Reproduce the data below word for word, setting aside any picture it holds.

| SOURCE MATERIAL |
+ + + +

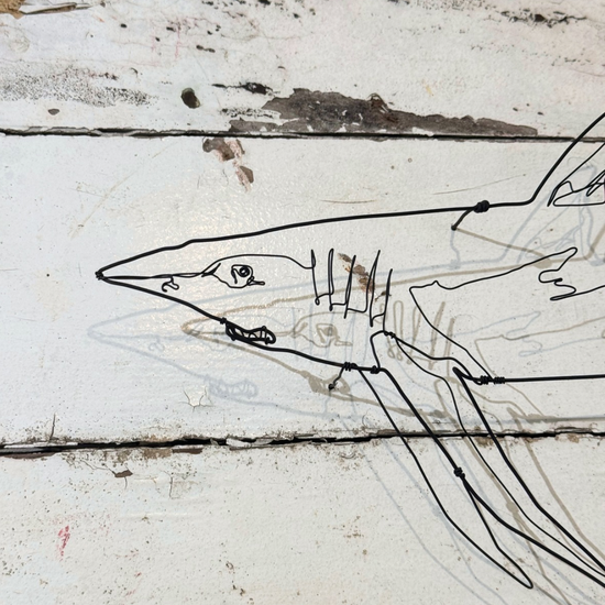 He uses several grades of iron wire to transform his fluid single line drawings into a tangible version. He likes to pair these with found and reclaimed timber, often using pieces from the actual vessel. The wire drawings are destined to either stand still or come to life using cranks, levers and threads of nylon. The mechanisms themselves add a level of intrigue and play that Ben himself gets so much joy from.'
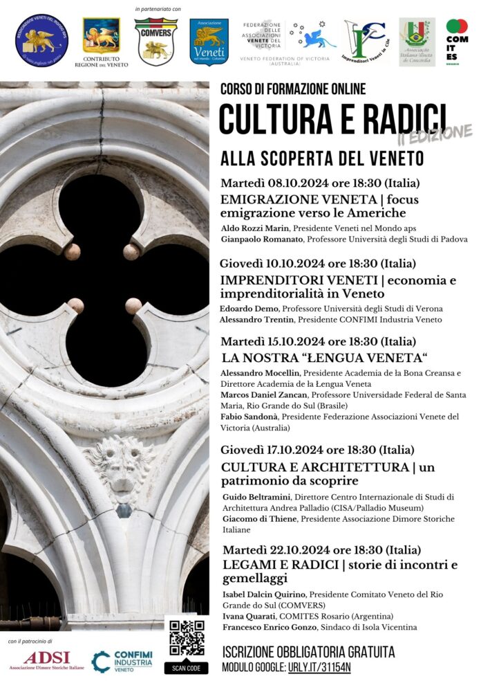 Associazione Veneti nel Mondo propone da martedì 8 ottobre 2024 la seconda edizione del percorso formativo online “Cultura e radici. Alla scoperta del Veneto” realizzato grazie al contributo della Regione del Veneto.
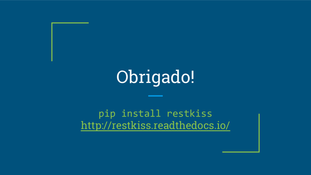 Obrigado! pip install restkiss http://restkiss.readthedocs.io/
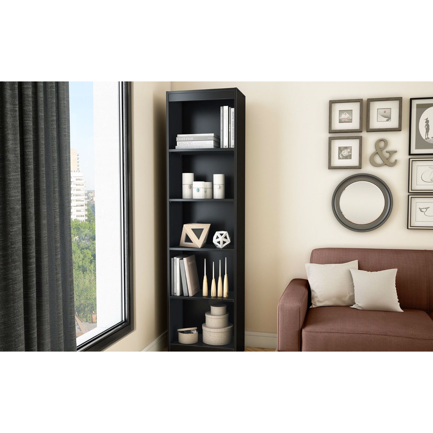 This 5-Shelf Narrow Bookcase Black Finish is ideal for your binders, books or decorative items. It features 5 open, practical and accessible storage spaces, separated by 2 fixed and 3 adjustable shelves that can support up to 30lbs. each. Its refined lines harmonize seamlessly with virtually any dรขโ‚ฌลกรƒย รƒยถร‚ยฌร‚ยฉcor. Both functional and attractive with its sleek contemporary styling, this bookcase is sure to enhance the look of any room in your home. It is also available in Pure White, Chocolate, Royal Cherry or Morgan Cherry finish. It measures 19-inch wide by 11-1/2-inch deep by 71-1/4-inch high. It is delivered in a box measuring 77-3/4-inch by 12-3/4-inch by 3-1/2-inch and weighing 54lbs.. The back surface is not laminated. Accessories not included. Manufactured from certified Environmentally Preferred laminated particle panels. Complete assembly required by 2 adults. Tools are not included. 5-year limited warranty. Made in Mexico.
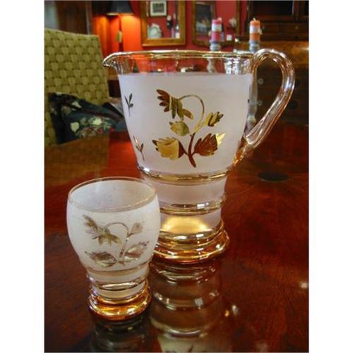 This is a fantastic true Art Deco glass pitcher and single glass with gold hand painting as detail. The glass itself is a soft brown color and has gold leafing paint as a decorative color. The glass is hand blown and in very good condition.Circa 1920. the glass goblet is 4.75" tall.
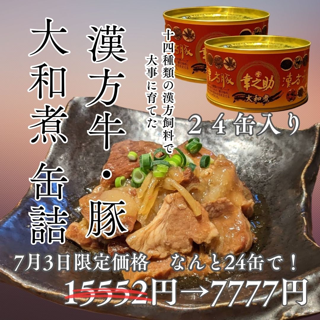 幸之助の日7月3日限定 漢方牛・漢方豚 大和煮缶詰 一箱(24缶入り)1日限りの大特価!!
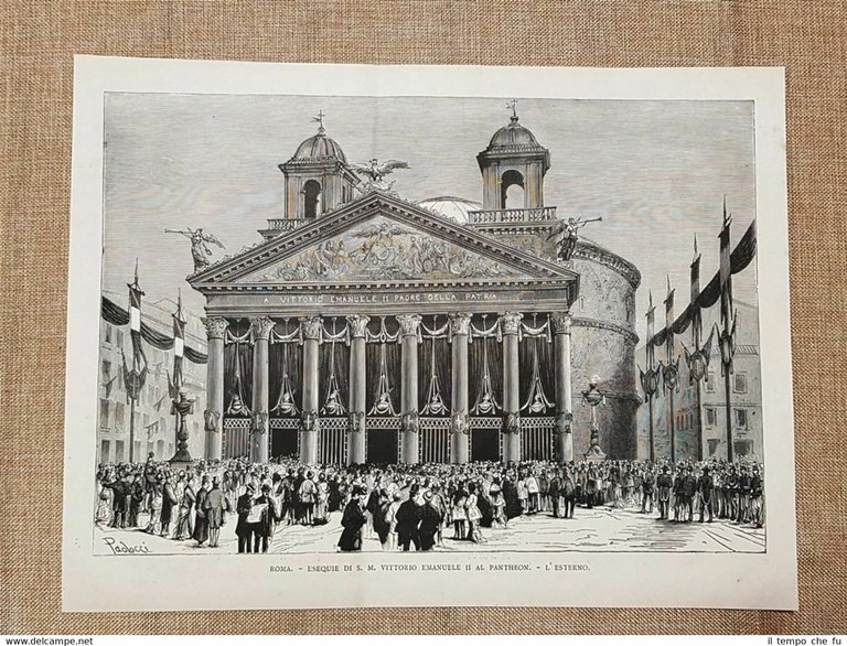Rara stampa estratta da pubblicazione del 1878 Roma nel 1878 Pantheon Esequie per la morte di Re Vittorio Emanuele II di Savoia L'esterno Dimensioni: Cm 34,00 x 26,00 Codice prodotto: II1885-107 Qualora vogliate delle scansioni migliori contattateci, soddisferemo ogni vostra richiesta. Paypal Carta di credito Bonifico bancario Accuratamente adagiate su un cartoncino e protette da pellicola trasparente rigida, il tutto viene inserito dentro plico di adeguate dimensioni per proteggerne l'integrità.

+ + + +

| RESPONSE AREA |
 He uses several grades of iron wire to transform his fluid single line drawings into a tangible version. He likes to pair these with found and reclaimed timber, often using pieces from the actual vessel. The wire drawings are destined to either stand still or come to life using cranks, levers and threads of nylon. The mechanisms themselves add a level of intrigue and play that Ben himself gets so much joy from.'
 Associazione Veneti nel Mondo propone da martedì 8 ottobre 2024 la seconda edizione del percorso formativo online “Cultura e radici. Alla scoperta del Veneto” realizzato grazie al contributo della Regione del Veneto.
 Obrigado! pip install restkiss http://restkiss.readthedocs.io/
 This 5-Shelf Narrow Bookcase Black Finish is ideal for your binders, books or decorative items. It features 5 open, practical and accessible storage spaces, separated by 2 fixed and 3 adjustable shelves that can support up to 30lbs. each. Its refined lines harmonize seamlessly with virtually any dรขโ‚ฌลกรƒย รƒยถร‚ยฌร‚ยฉcor. Both functional and attractive with its sleek contemporary styling, this bookcase is sure to enhance the look of any room in your home. It is also available in Pure White, Chocolate, Royal Cherry or Morgan Cherry finish. It measures 19-inch wide by 11-1/2-inch deep by 71-1/4-inch high. It is delivered in a box measuring 77-3/4-inch by 12-3/4-inch by 3-1/2-inch and weighing 54lbs.. The back surface is not laminated. Accessories not included. Manufactured from certified Environmentally Preferred laminated particle panels. Complete assembly required by 2 adults. Tools are not included. 5-year limited warranty. Made in Mexico.
 This is a fantastic true Art Deco glass pitcher and single glass with gold hand painting as detail. The glass itself is a soft brown color and has gold leafing paint as a decorative color. The glass is hand blown and in very good condition.Circa 1920. the glass goblet is 4.75" tall.
 幸之助の日7月3日限定 漢方牛・漢方豚 大和煮缶詰 一箱(24缶入り)1日限りの大特価!!
Rara stampa estratta da pubblicazione del 1878 Roma nel 1878 Pantheon Esequie per la morte di Re Vittorio Emanuele II di Savoia L'esterno Dimensioni: Cm 34,00 x 26,00 Codice prodotto: II1885-107 Qualora vogliate delle scansioni migliori contattateci, soddisferemo ogni vostra richiesta. Paypal Carta di credito Bonifico bancario Accuratamente adagiate su un cartoncino e protette da pellicola trasparente rigida, il tutto viene inserito dentro plico di adeguate dimensioni per proteggerne l'integrità.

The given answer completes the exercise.